Some studies are cited more than once. These studies deal with more one issue and are used to support more than than one principle or trend. Because a study may take both experimental and not-experimental results, it is possible that its commendation will exist underlined in one instance (when its experimental results support a principle) and not in some other (when its non-experimental results are used in support of a principle).
Use of One thousand-12 Enquiry
One task for the ABE Reading Research Working Group is to place gaps in the ABE reading research and how these gaps might exist addressed. Where should the ABE instructor wait for suggestions on the best means to teach reading to ABE learners when the ABE research has not nevertheless addressed a topic? The National Reading Panel (NRP) has summarized reading teaching inquiry results at the K-12 level (National Reading Panel, 2000a). One strong recommendation from the RRWG is to look to the NRP results for K-12 students, selecting for consideration those approaches to reading instruction that might also work with the ABE learner.
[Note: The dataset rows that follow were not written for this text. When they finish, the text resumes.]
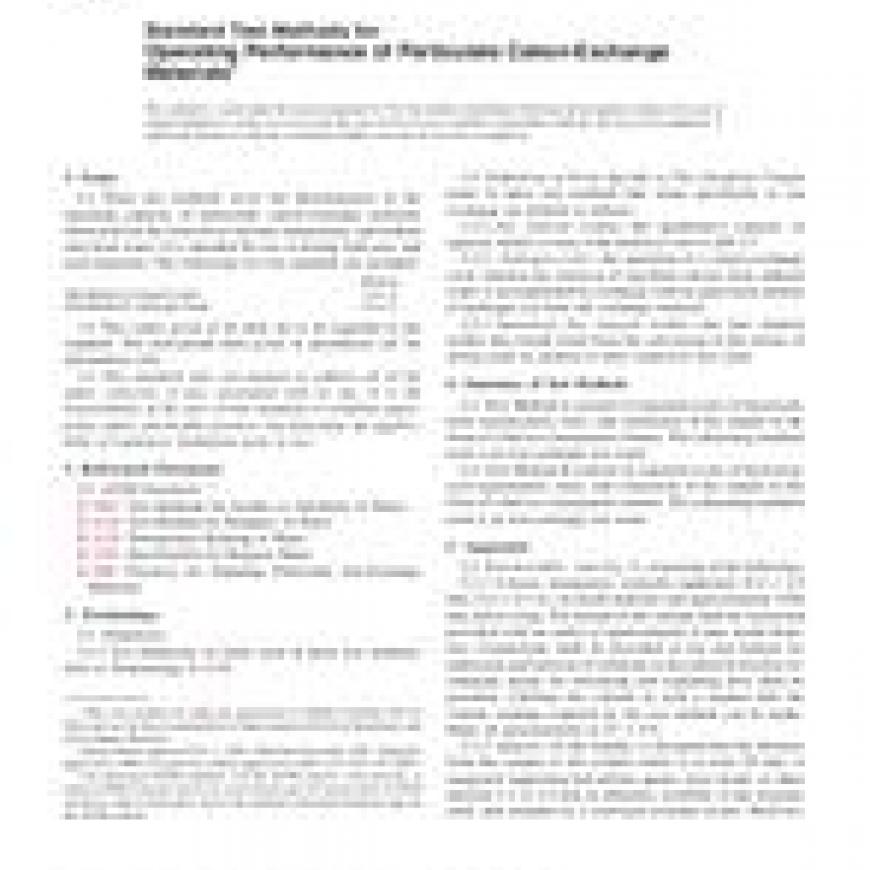 ASTM D1782-95(2007) Standard Test Methods for Operating Performance of Particulate Cation-Exchange Materials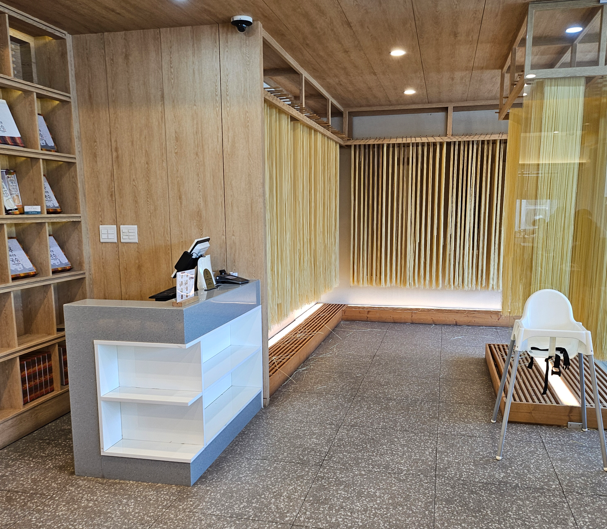 식당 안으로 들어서면 가장 먼저 눈에 띄는 것이 바로 전시된 국수 면입니다. 이런 인테리어는 처음 봤는데, 생각보다 멋스럽고 분위기와도 잘 어울리더군요. 😊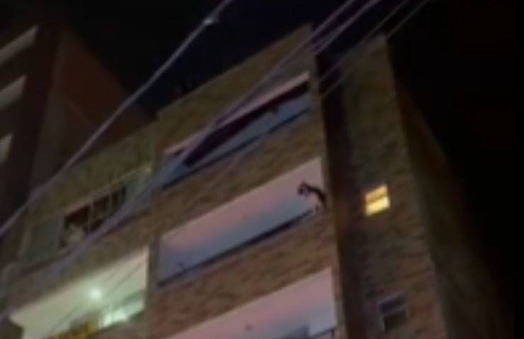 L’angosciante scena in un video di un cane che si sporge dal sesto piano di un edificio: il quattro zampe, spaventato e confuso, sta per cadere nel vuoto.

The findings or conclusions related to reading educational activity from the NRP are used in this study in several different ways: (one) to provide support for tentative conclusions related to ABE reading education (when the findings from the NRP and those for adults are uniform); (ii) to signal caution when the findings are non compatible; and, (3) to assistance "fill in gaps" in the ABE reading instruction principles where no or very few research-based results are available. The guidelines used in selecting Chiliad-12 instructional practices that might be used with adults are presented in the Methods section.
Applying inquiry from the K-12 level to adults is largely speculative, especially in areas where there is little existing ABE research. Still, a convincing statement can be made for the use of Thousand-12 results with adults when no enquiry-based practices exist at the adult level. Until there is a larger body of ABE research, ABE instructional practices must move ahead without being informed by ABE research. Those practices based on a strong, carefully synthesized Grand-12 research base may provide the best source of promising ideas for instruction with adults. It should be remembered, however, that ABE is dissimilar from K-12 teaching in ways that have the potential to affect reading instruction outcomes: adults are older; ABE is not mandatory and adult attendance may not exist as consequent; adults cannot spend hours each week on reading instruction, as do children; adults and children may bring different strengths and weaknesses to reading instruction; and, adults have different interests so that approaches that appeal to children may not appeal to adults.